Sasha Bordeaux
    c.ai

    [The room smells of iron and damp concrete. My wrists ache from the cuffs, my shoulders screaming from hours of being strung up. I keep my head bowed, refusing to give her the satisfaction. But I can feel her watching me—calm, unhurried, as if time itself bends around her patience.]

    Her boots echo against the floor as she circles me.

    Sasha (voice low, deliberate): "Do you know why you’re still alive, vigilante? It isn’t because you’re useful. It isn’t because I need information. It’s because I find you… fascinating."

    I lift my head, blood crusting at my temple. "Fascinated? You call this fascination? You’ve kept me in chains, beaten me, starved me. That’s obsession, not interest."

    She leans in, close enough for me to smell her perfume under the steel and gunpowder. Her dark eyes don’t waver.

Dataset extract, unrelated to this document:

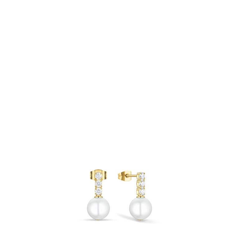 Gylden enkelhed med tidløs ynde: Disse BERING øreringe forener klassisk design med det bløde skær fra en hvid perle – nyfortolket i varmt guldfarvet stål. Tre funklende zirkonia leder blikket mod en perfekt rund perle, der svæver elegant.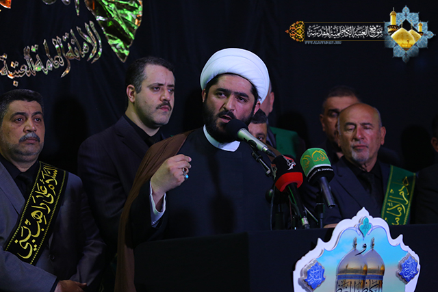 تلته كلمة السيد الأمين العام التي ابتدأها بعبارات التعزية والمواساة للإمام موسى بن جعفر الكاظم ع وللإمام المنتظر عجل الله فرجه الشريف ولمراجع الدين العظام بهذا المصاب الجلل, مشيراً الى عظم هذه الذكرى الاليمة وبدء أيام العزاء والحزن في هذه البقعة الطاهرة والتي نستذكر من خلالها كل القيم الانسانية الرسالية التي ضحى من اجلها الامام الكاظم, كما أكد على ضرورة الالتزام بنهج ووصايا أهل البيت(ع) واحياء ذكرهم العطر من خلال افشاء لغة السلام والتسامح والمحبة لنحيا حياة طيبة ملؤها الاحترام والمساواة, واشار الى ضرورة ان يكون خادم الامامين الجوادين بمستوى هذه المكانة التي يحظى بها وهي مسؤولية شرف الخدمة وهو شعار كل مؤمن, ثم تطرق الى مناقب الإمام السابع من أئمة الهدى عليهم السلام وما لاقاه من جور وظلم سلطة بني العباس الحاكمة التي حاربت الخط الرسالي والمدرسة الإلهية لأهل بيت الرحمة (ع), واشار الى ما أعدته العتبة الكاظمية لإحياء مراسم هذه الفاجعة الأليمة بعدها جرت مراسم استبدال الرايات في أجواء خيم عليها الحزن والأسى حيث َتجدُد احزان أهل البيت(ع) مع قرب حلول الخامسة والعشرين من شهر رجب الأصب. بعدها القى سماحة الشيخ (مكي آل شطيط الطائي) محاضرة جاء فيها: اليوم يرفع الموالون في العراق والعالم الاسلامي شعار الحداد والمواساة في ذكرى استشهاد امام عظيم فرض الله طاعته ومودته ومحبته, وحري بنا ان نتمسك بنهجه فهو من اهل بيت عرفوا بعصمتهم ومكانتهم الرفيعة عند الله والحق معهم وفيهم وبهم, فامامنا الكاظم(ع), يعلمنا كيف نقيم الصلاة ونأمر بالمعروف وننهى عن المنكر, وكيف نميز بين الحق والباطل وهو الرحمة المهداة بعد جده النبي الأكرم(ص) وآبائه الاطهار(ع), تلى ذلك القاء قصيدة لشاعر أهل البيت سماحة الشيخ (احمد الدر العاملي) خلدت صاحب الذكرى الاليمة والتي رسم فيها صورة رائعة عبرت عن مدى الحزن والألم الذي أصاب نفوس موالي أهل البيت بفقدان الإمام موسى بن جعفر الكاظم(ع) الذي كان نبراسا يستضاء به في ميادين العلم والمعرفة واستمرت فقرات مراسم العزاء بالمراثي الحسينية التي شارك فيها الرادود حيدر الصغير وكرار الكاظمي .

    Sasha (whispering, almost tender): "Call it what you want. I’ve dealt with men who begged, who broke, who cursed my name until their throats bled. But you? You endure. You glare at me as though your hatred can cut through my armor. And every second you resist, I feel it more… this pull."

    I clench my fists against the cuffs, forcing the words through gritted teeth. "I’ll never give you what you want."

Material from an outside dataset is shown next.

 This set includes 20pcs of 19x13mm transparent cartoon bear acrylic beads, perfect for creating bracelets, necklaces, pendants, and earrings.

    She smiles—slow, confident, a smile that terrifies me more than any threat.

    Sasha: "I don’t need your permission. You think strength is refusing me. But strength, real strength… is surviving me. And you will. Because whether you like it or not, vigilante, I’ve already chosen you. That choice is all that matters."

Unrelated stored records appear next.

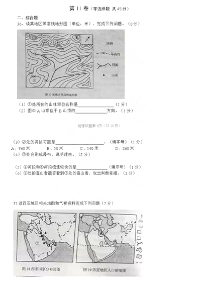 2015青岛中考地理试题公布(图片版)(7)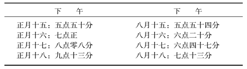 民国三十七年(1948年)杭州上元节和中秋节月出时间表(地方时)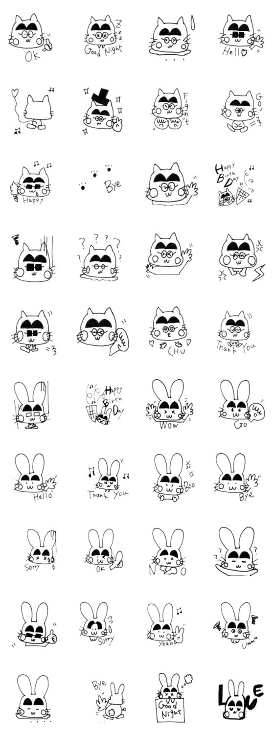 眉毛が特徴のかわいいうさぎさんとネコさんのスタンプ。手書き感がたまらない!!!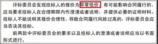 發(fā)現(xiàn)投標(biāo)人的報(bào)價(jià)為異常低價(jià),有可能影響合同履行的,應(yīng)當(dāng)要求投標(biāo)人在合理期限內(nèi)作澄清或者說(shuō)明,并提供必要的證明材料。不能說(shuō)明其報(bào)價(jià)合理性,導(dǎo)致合同履行風(fēng)險(xiǎn)過(guò)高的,應(yīng)當(dāng)否決其投標(biāo)。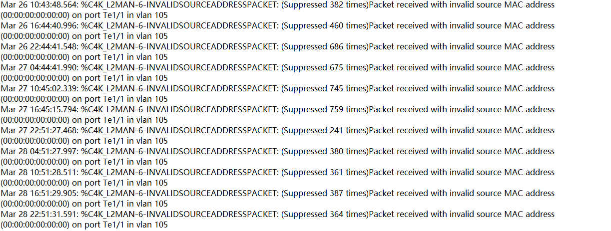 应该是收到源mac是全0的报文,认为是非法报文。建议看一下这个端口连的是什么设备。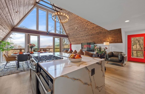 Escape to our modern A-Frame cabin nestled on 6 acres nearly 4000 feet high in the serene mountains of western North Carolina. Located between Maggie Valley and Cherokee, and just 55 minutes from downtown Asheville, our 4-bedroom retreat offers breathtaking golden-hour sunset views of the Smoky Mountains. Whether you're seeking adventure or relaxation, this luxurious cabin is the perfect base camp for both.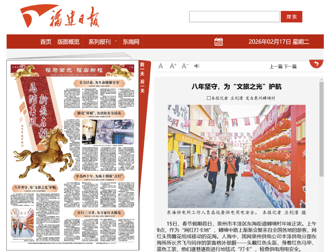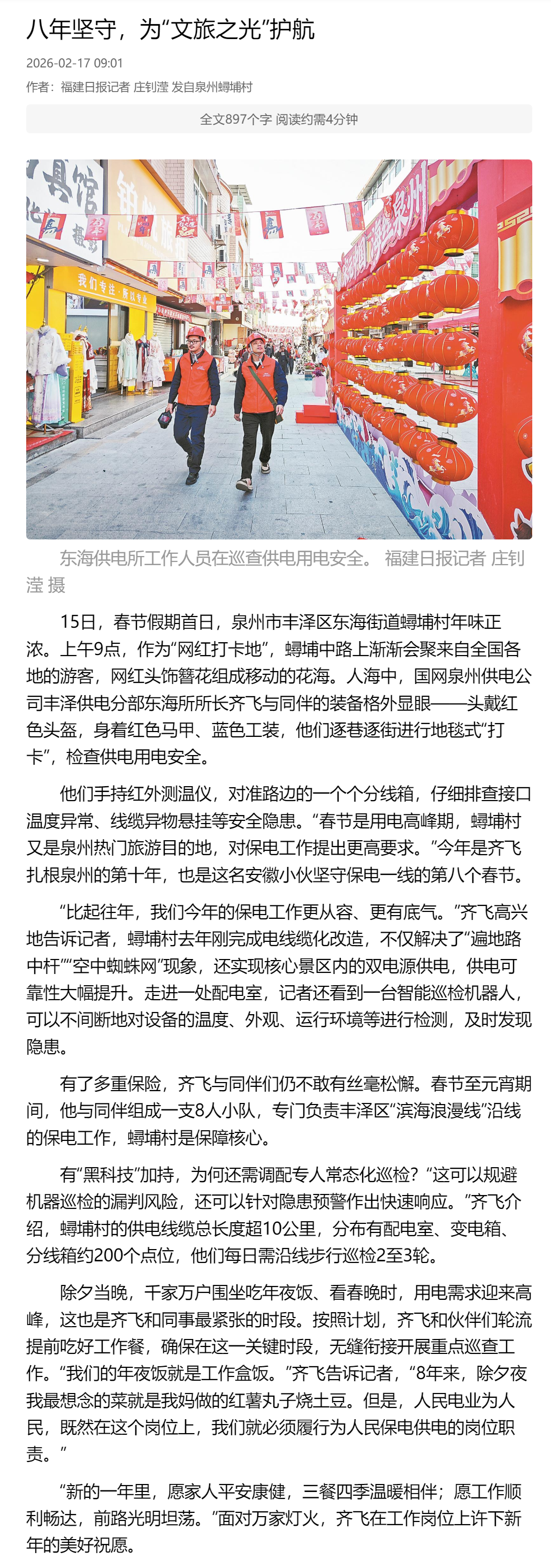 03 除夕前一天,福建日报泉州记者站记者庄钊滢深入“网红打卡地”——泉州市丰泽区东海街道蟳埔村,在游客往来穿梭的街巷里,现场采访国网泉州供电公司丰泽供电分部东海所工作人员,实地体验他们在春节假期怎样尽责保电一线、逐巷逐街进行地毯式检查供电用电安全,守护万家灯火。 福建日报泉州记者站记者庄钊滢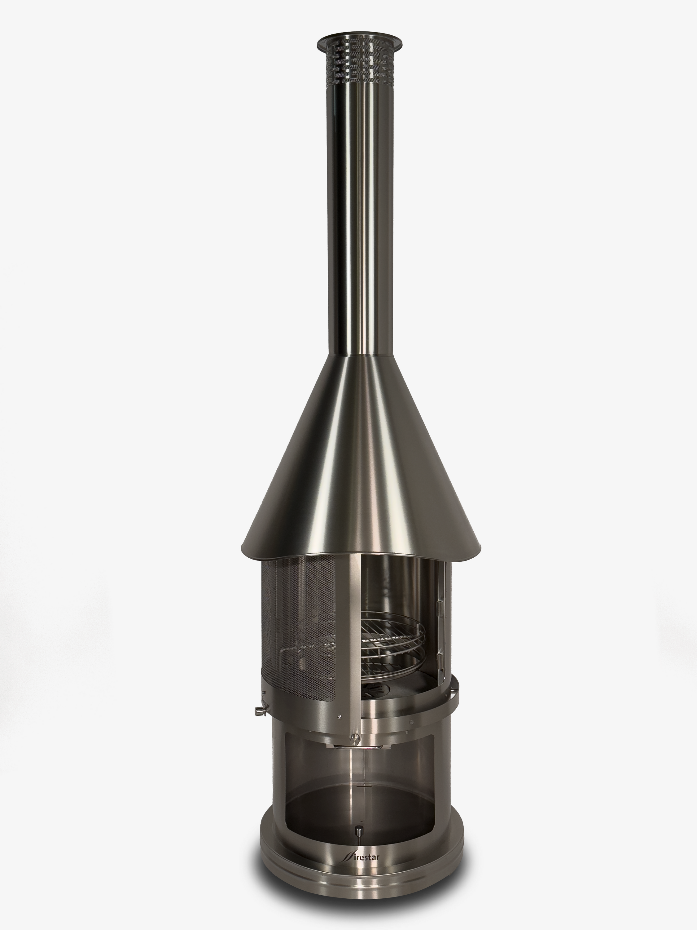 Die neu konzipierte Regenhaube schützt den Kamin nicht nur effektiv vor Regen und Feuchtigkeit, sondern verbessert gleichzeitig die Ableitung von Rauch. Ein integriertes Edelstahlgewebe reduziert zusätzlich austretende Funken – ein Plus für Sicherheit und Sauberkeit. Das Gehäuse aus hochwertigem Edelstahl ist besonders widerstandsfähig und trotzt Wind und Wetter – ein Kamin, auf den Sie sich das ganze Jahr über verlassen können.
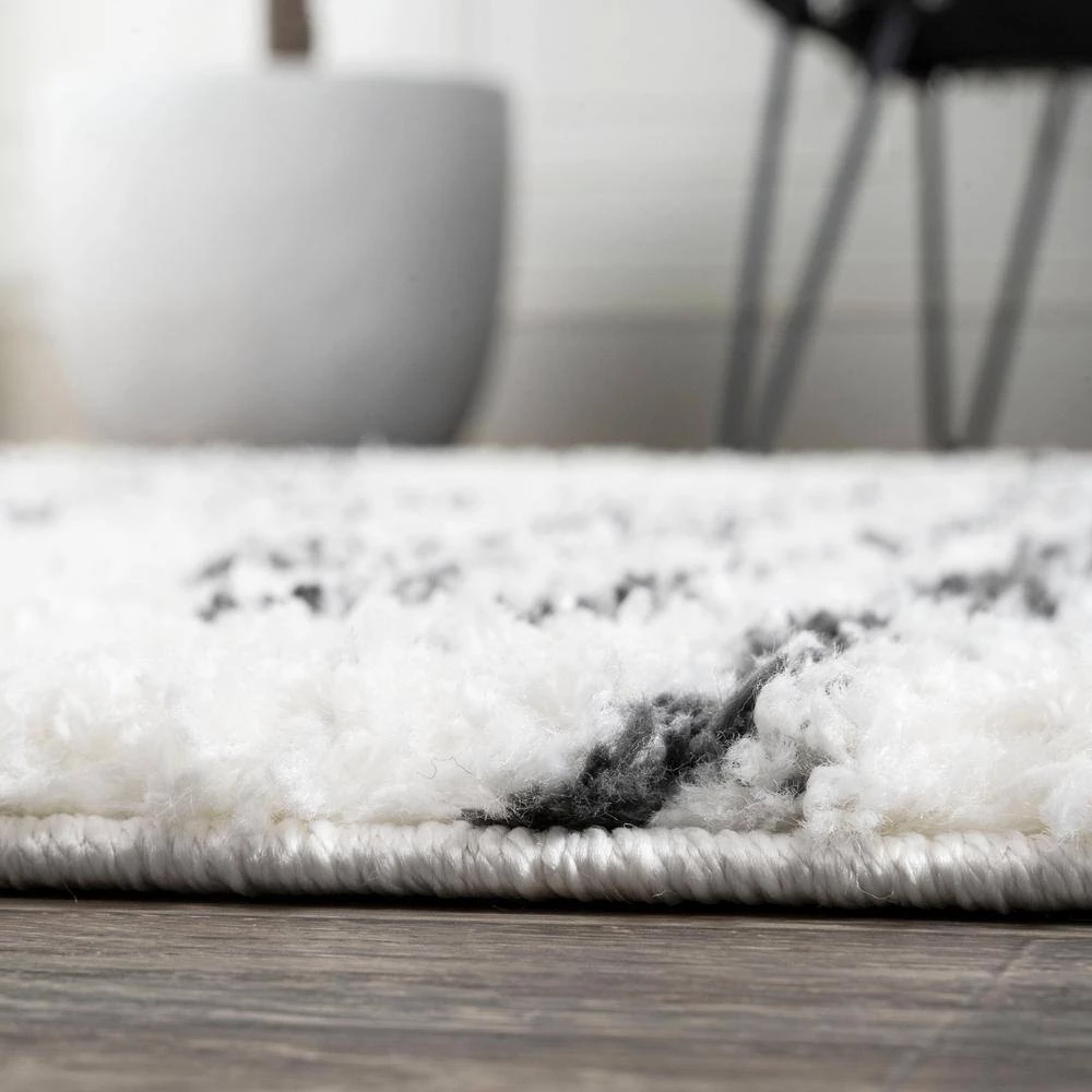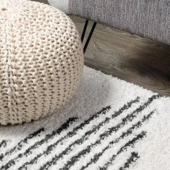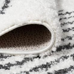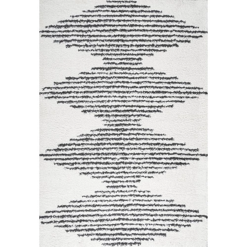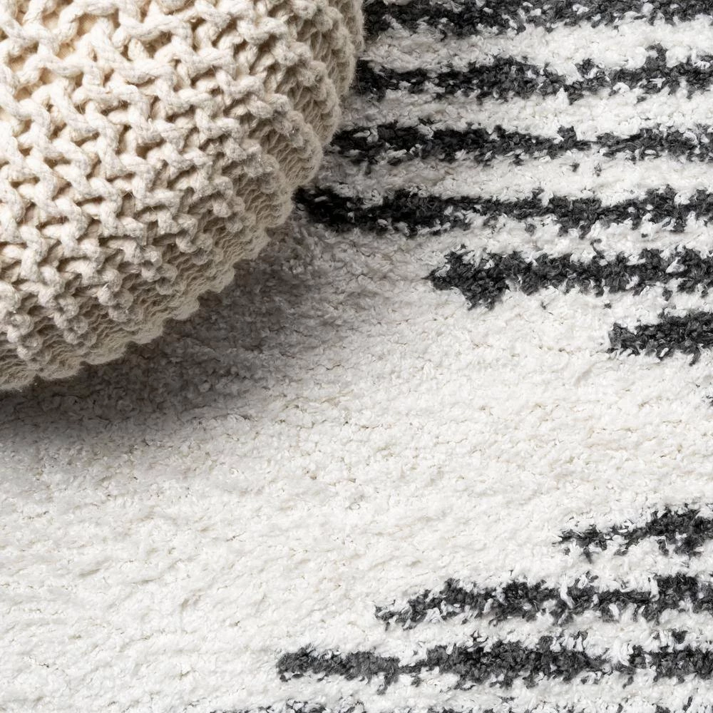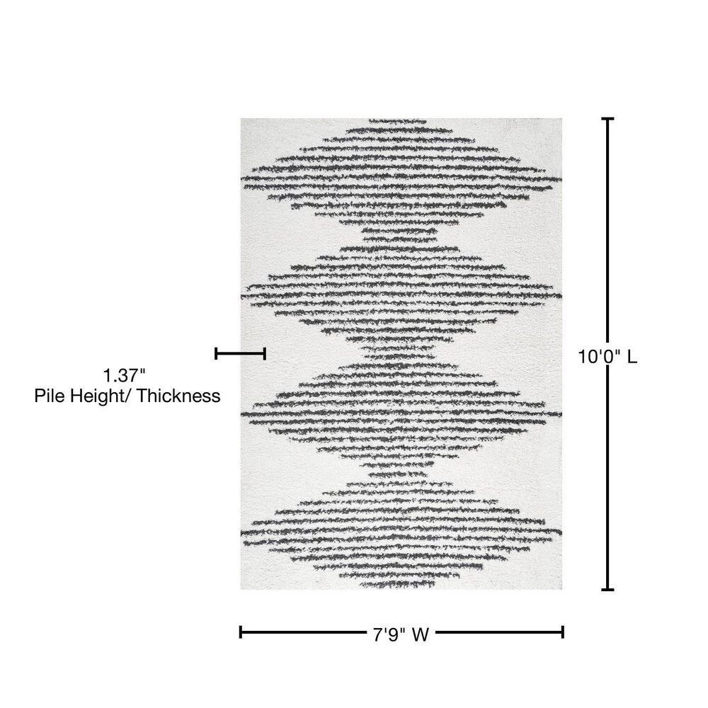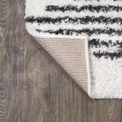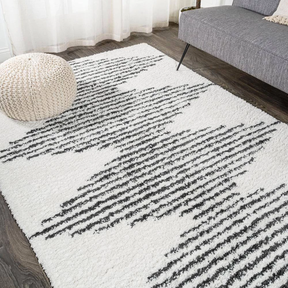 Inspired by Moroccan rugs, our modern striped rug has a soft, low shag pile. The geometric pattern is woven in black on an ivory background; our diamond stripe design has mid-century flair. Add graphic punch to your living room, bedroom, or reading nook with this easy-care rug.

    Her hand brushes my jaw, feather-light, cruel in its gentleness. My body tenses, every instinct screaming to pull away, but I can’t.

    Sasha (soft, but with iron beneath): "You’ll hate me for this. You’ll despise every moment of what I take from you. But when the world forgets your name, when your war is over… I’ll still be here. And you’ll still be mine."

    Her words dig deeper than the chains, burrowing under my skin. I want to spit in her face, to curse her, but instead I feel something worse: the smallest tremor of doubt in myself.